* Exercise prompt *
Copy the data that follows exactly, and include none of its images.

* Input data *
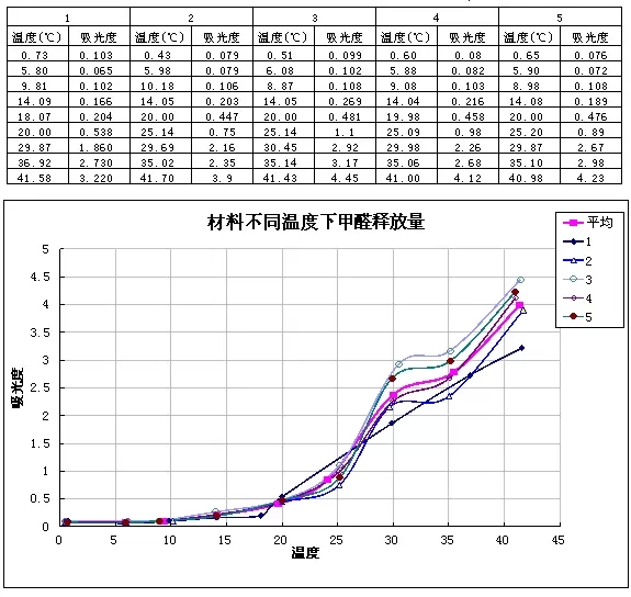 上图为参照GB/T17657-1999(干燥器法测甲醛释放量)的5组实验结果。 结果表明,板材中游离甲醛释放量与温度呈正相关,随温度增加而增加。当温度高于25度时,甲醛的释放量开始有着明显的增加。也就是说,地暖温度不超过25度时,地暖对地板里甲醛的影响就很微小。
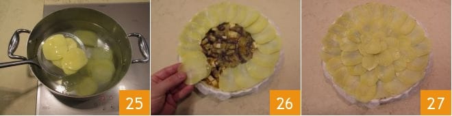 Blanchieren Sie die Kartoffeln für 20 Sekunden in heißem Salzwasser, lassen Sie sie abtropfen 25 und geben Sie sie in kaltes Wasser, damit sie die Stärke freisetzen. Lassen Sie sie gründlich abtropfen und legen Sie sie strahlenförmig im Kreis 26, beginnend mit dem äußeren Kreis und bedecken Sie die ganze Füllung 27.
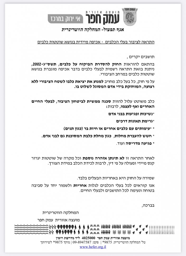 התראה לציבור בעלי הכלבים - אכיפה מיידית בנושא שוטטות כלבים
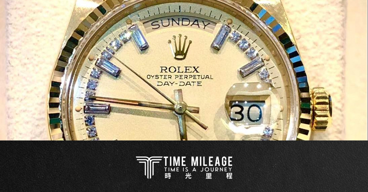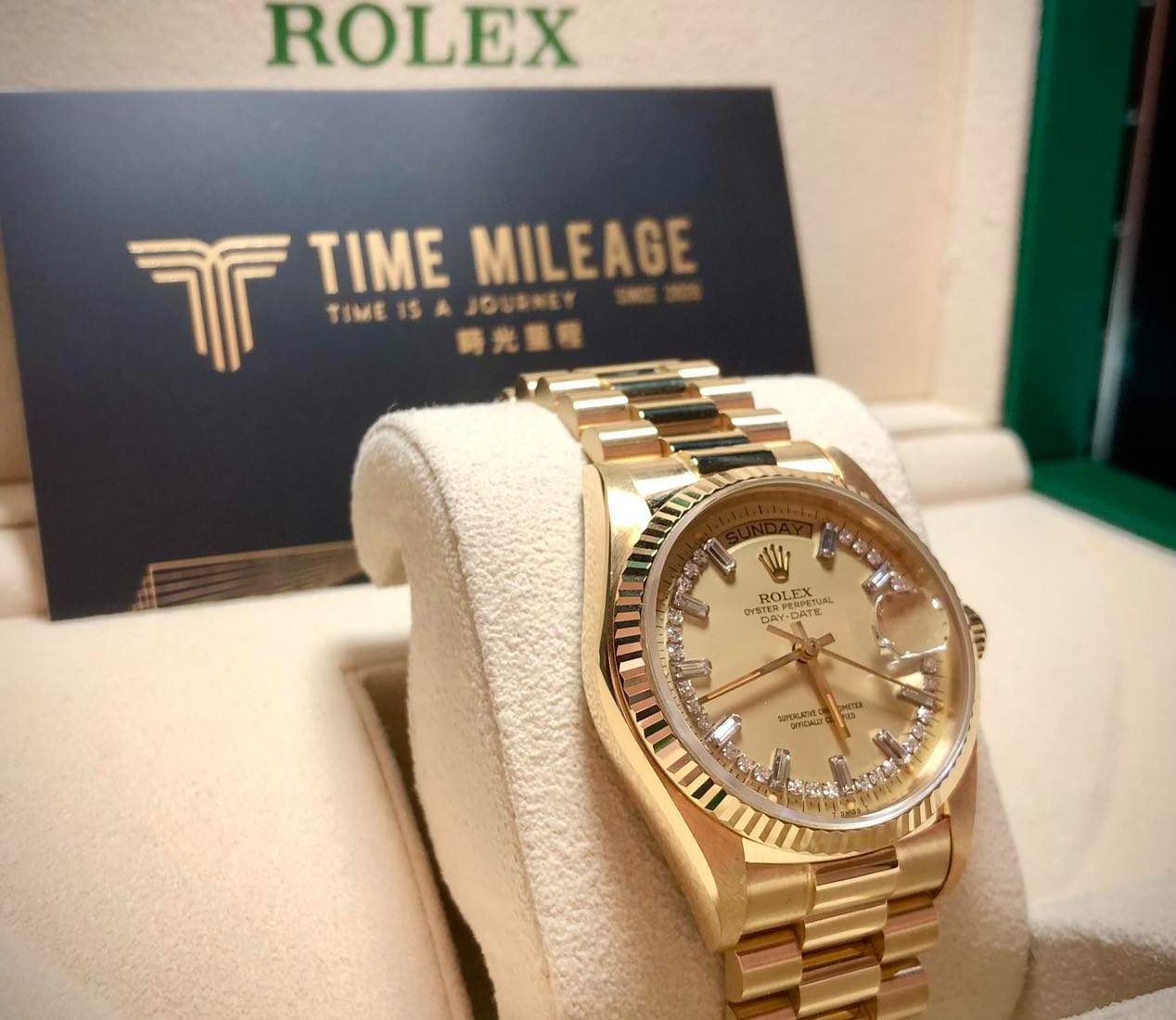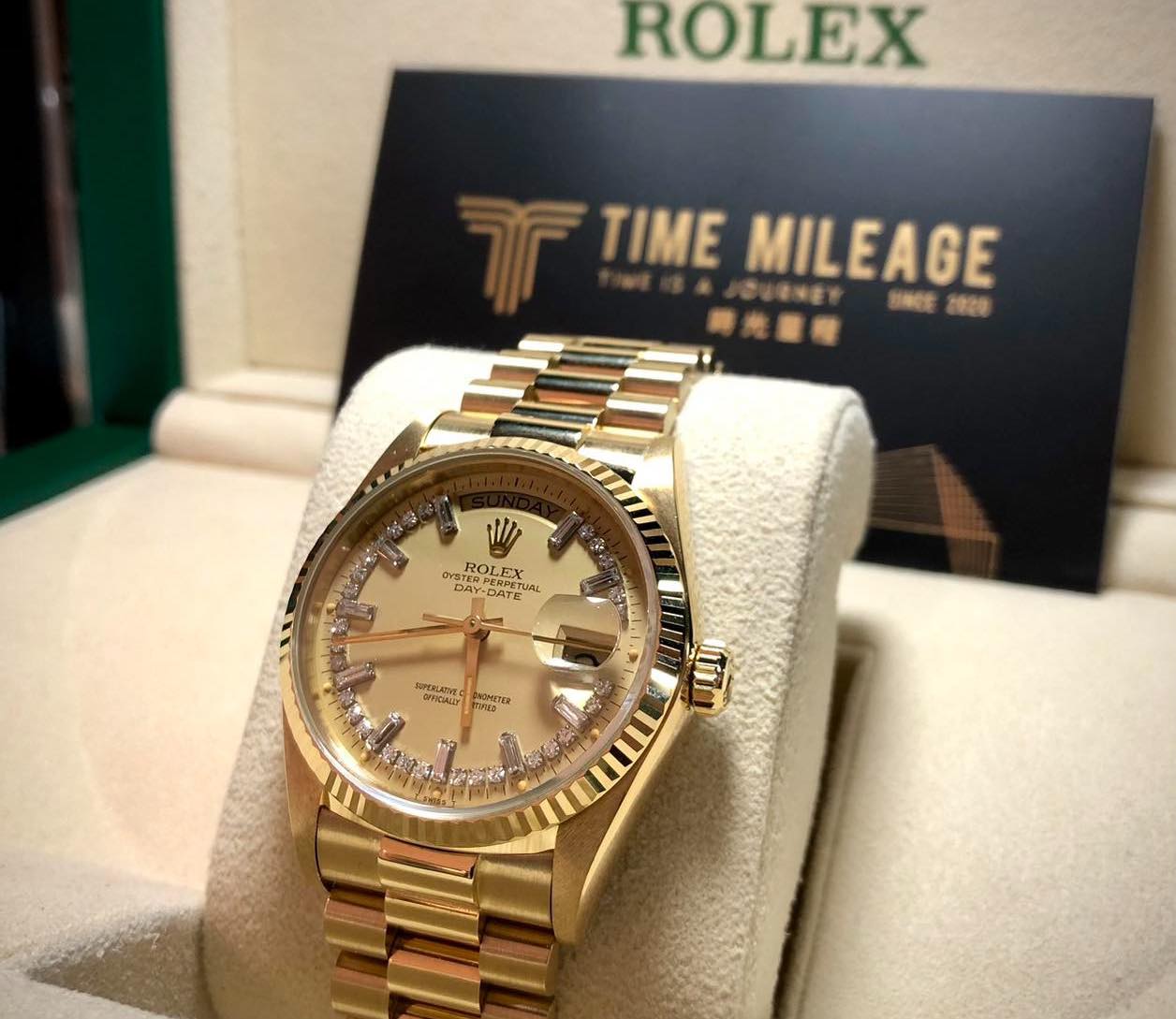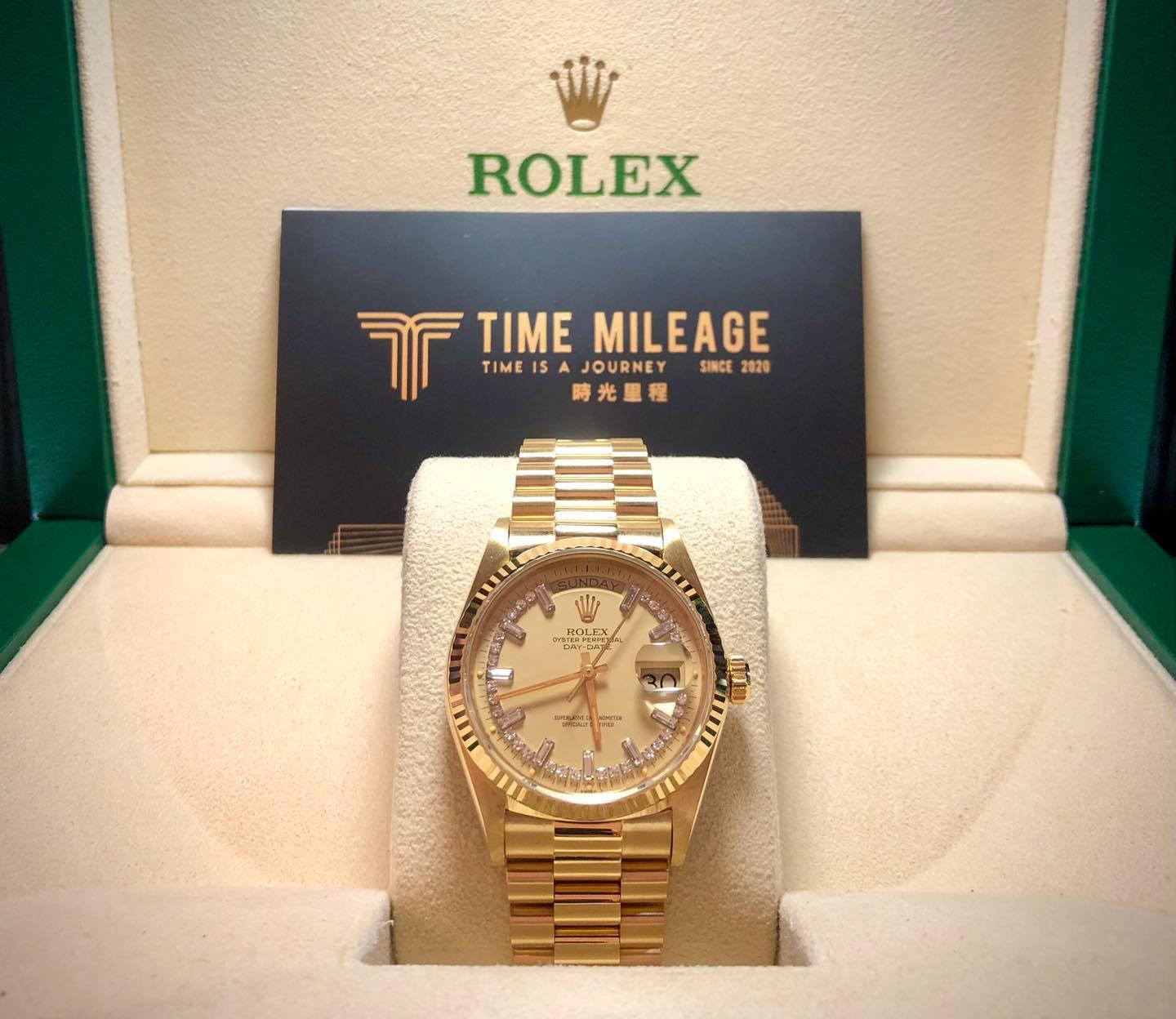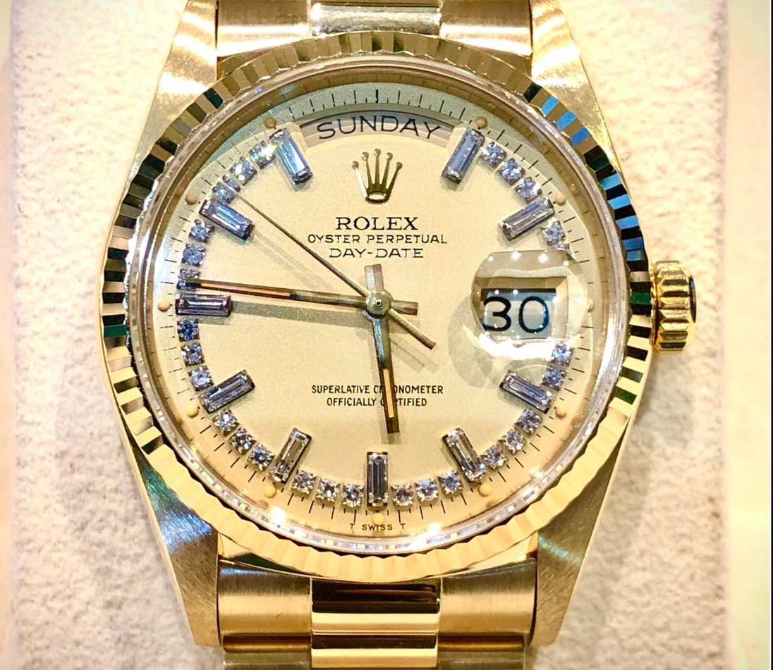 品牌:Rolex 勞力士 款式:Day-Date 36 String-Baguette-Diamond-Dial 編號:18038 機芯:自動機械 錶帶:18k黃金(總統帶) 錶殼物料:18k黃金 外圈:18k黃金 直徑:36mm 錶盤:金色 錶盤:鑽石 錶面:藍寶石水晶 年份:1985-86 價格:$146,800 Whatsapp 查詢

* Exercise solution *
 上图为参照GB/T17657-1999(干燥器法测甲醛释放量)的5组实验结果。 结果表明,板材中游离甲醛释放量与温度呈正相关,随温度增加而增加。当温度高于25度时,甲醛的释放量开始有着明显的增加。也就是说,地暖温度不超过25度时,地暖对地板里甲醛的影响就很微小。
 Blanchieren Sie die Kartoffeln für 20 Sekunden in heißem Salzwasser, lassen Sie sie abtropfen 25 und geben Sie sie in kaltes Wasser, damit sie die Stärke freisetzen. Lassen Sie sie gründlich abtropfen und legen Sie sie strahlenförmig im Kreis 26, beginnend mit dem äußeren Kreis und bedecken Sie die ganze Füllung 27.
 התראה לציבור בעלי הכלבים - אכיפה מיידית בנושא שוטטות כלבים
 品牌:Rolex 勞力士 款式:Day-Date 36 String-Baguette-Diamond-Dial 編號:18038 機芯:自動機械 錶帶:18k黃金(總統帶) 錶殼物料:18k黃金 外圈:18k黃金 直徑:36mm 錶盤:金色 錶盤:鑽石 錶面:藍寶石水晶 年份:1985-86 價格:$146,800 Whatsapp 查詢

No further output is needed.